How's this for home improvement: a hand-held electronic device you simply wave against a wall to locate studs, plumbing and electrical wiring. Such a tool could be on the market next year, thanks to radar technology developed by Tom McEwan, an electronics engineer at the Lawrence Livermore National Laboratory.

The Livermore, Calif., lab has licensed the technology to Zircon Inc., a Campbell, Calif.-based producer of electronic hand tools. Zircon is working on a prototype of the device, which would sell for less than $100 in do-it-yourself retail outlets.

At the heart of the device is its ability to send out extremely fast electrical pulses--more than 1 million per second--that can travel about 20 feet through a wall. The pulses bounce off of any object behind the wall, such as a wooden stud or metal pipe, and "echo" back to the tool, displaying them on a small screen attached to the tool.

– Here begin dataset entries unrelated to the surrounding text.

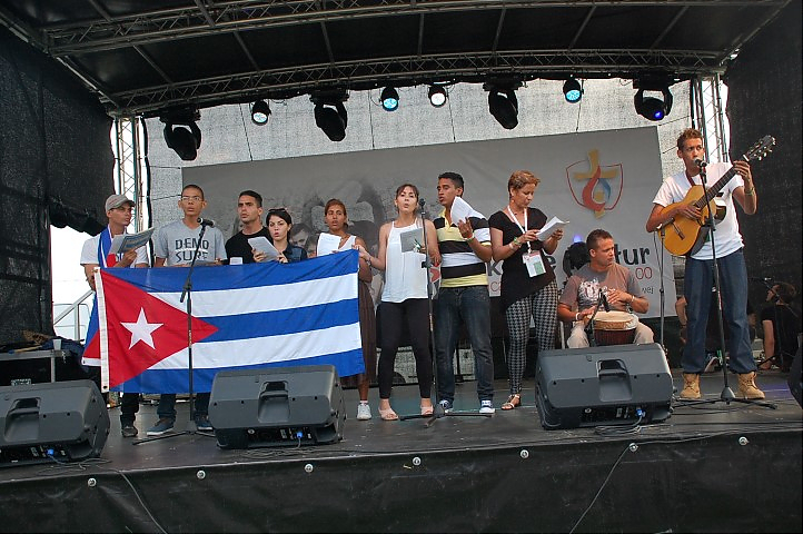 Tak, właśnie dla Kubańczyków, którzy przyjechali do jednej z lubuskich parafii Jerzmanowa stała się miejscem niedzielnego odpoczynku. Mając więc tak wspaniałych gości – pielgrzymów nie mogło ich zabraknąć na scenie. Pewnie jeszcze długo wspominać będziemy senegalski śpiew oraz pantomimę w wykonaniu Kubańczyków. Na scenie opowiedzieli o swoich kulturach oraz wspólnie zaśpiewali hymn ŚDM w łączonej wersji polsko – hiszpańsko – francuskiej.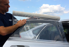 Protect vehicle interiors fast with GT Tools® WindowGuard™ Clear Film Crash Wrap. This premium, self-adhesive crash wrap provides a temporary, weatherproof barrier over broken or missing glass, allowing vehicles to be safely parked or temporarily driven until permanent repairs are made. The crystal-clear film preserves visibility and safeguards the interior from rain, dust, debris, and theft, making it essential for auto glass professionals and body shops.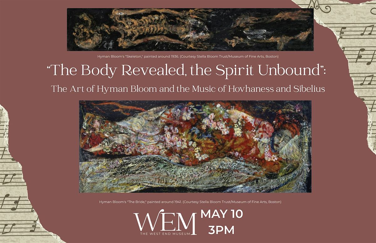 Join the West End Museum and the Peridot String Quartet for a clasical program that brings into dialogue the unflinching anatomical paintings of West End native Hyman Bloom with the searching, elemental music of his contemporary colleagues Alan Hovhaness and Jean Sibelius. Bloom’s cadaver studies—at once visceral and reverent—confront the physical reality of the human body while suggesting a mysterious passage beyond it. In parallel, the music traverses stark ritual, austere landscapes, and moments of luminous stillness, evoking forces that feel at once ancient and transcendent.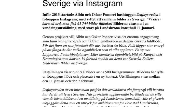 Inför 2013 startade Albin och Oskar Ponnert hashtaggen #enjoysweden i fotoappen Instagram, med syftet att samla in bilder av Sverige. ”Vi skrev bara ett ord, men fick 61 744 bilder tillbaka! Bilderna visas nu i en vandringsutställning, med start på Landskrona konsthall 11 januari.
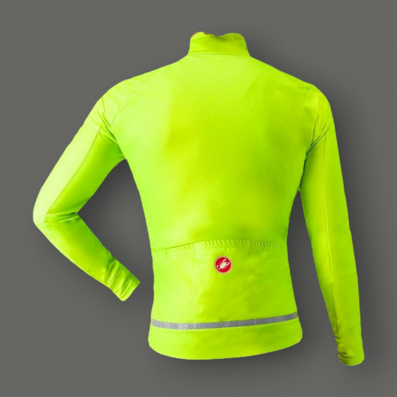 La Castelli Go Jacket pour homme, en Electric Lime/Black, est une veste de mi-saison polyvalente, idéale pour les sorties par temps frais ou légèrement humide. Conçue avec le tissu GORE-TEX INFINIUM™, elle offre une excellente protection contre le vent et les éclaboussures, tout en restant hautement respirante et confortable. Son design moderne et sa coupe ajustée garantissent performance et style sur le vélo.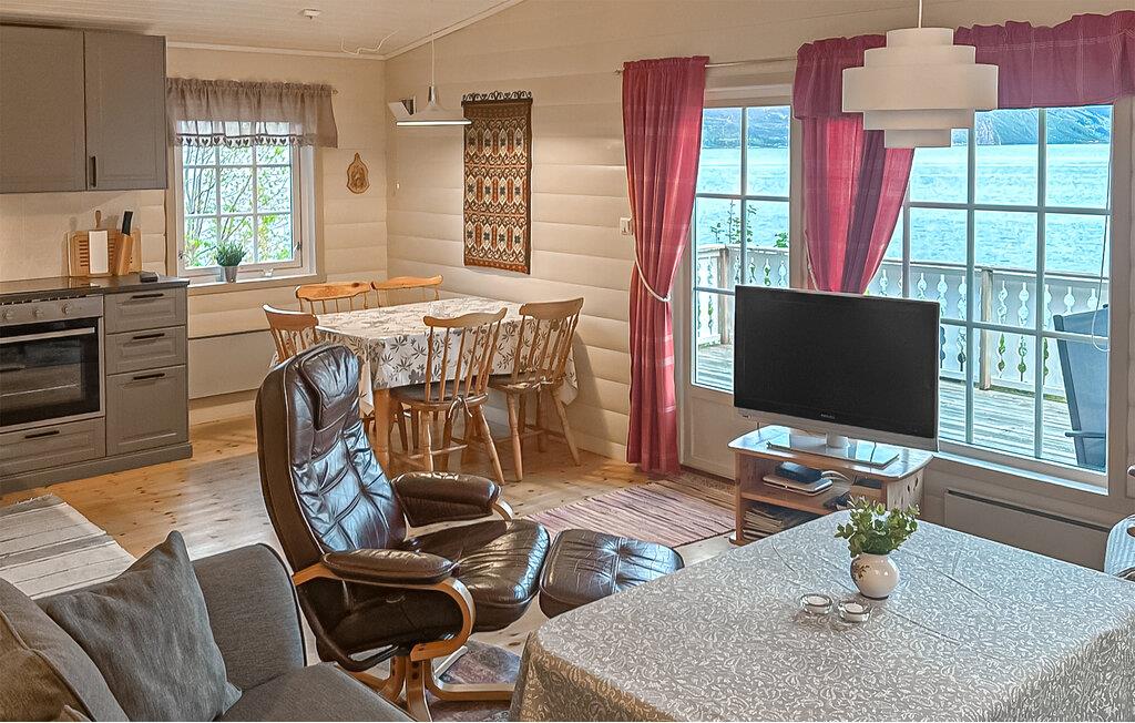Feriehus med panoramaudsigt over Sognefjorden og de majestætiske omgivende fjelde. På feriehusets sydvendte terrasser kan udsigten og morgenmaden nydes samtidig. Dette hjørne af Norge er der mange dejlige udflugtsmål. 300 m til den private bådebro, hvor der ligger både klar til en tur ud på fjorden. En 25 HK bådmotor kan også lejes. Lej på med fører til længere ture ud på det åbne hav, hvor de store fisk venter. Pris aftales med husets ejer. Her kan I nyde feriedagene ugenert og i rolige omgivelser, ikke langt fra fjorden hvor I kan bade og fiske og omgivet af de fantastiske fjelde. Nærmeste nabo: N21044 – 30 m.

It's a variation on standard radar, in which microwaves are used to detect aircraft and other objects over vast distances.

McEwan, who formerly worked with radar at Northrop Corp.'s defense electronics group, said the idea for the hand-held device stems from Lawrence Livermore's weapons research. The lab had developed ways of measuring similar high-speed electrical pulses that would come from detonating nuclear weapons, he said.

The device could have many other applications besides finding studs, McEwan said. Two examples: Someone installing solar heating devices on top of a house, or laying carpet in the living room, could use the tool to easily find the joists underlying either the roof or the floor.

The battery-powered tool's electrical pulses are invisible and safe, having a radiation-emission level 1 million times lower than a cellular telephone's, McEwan said. Zircon isn't the only one trying to exploit McEwan's idea. Amerigon Inc. of Burbank licensed the technology from Lawrence Livermore with an eye toward placing radar-emitting devices on the exterior of cars, so drivers could be warned of any other vehicles--or people--behind them.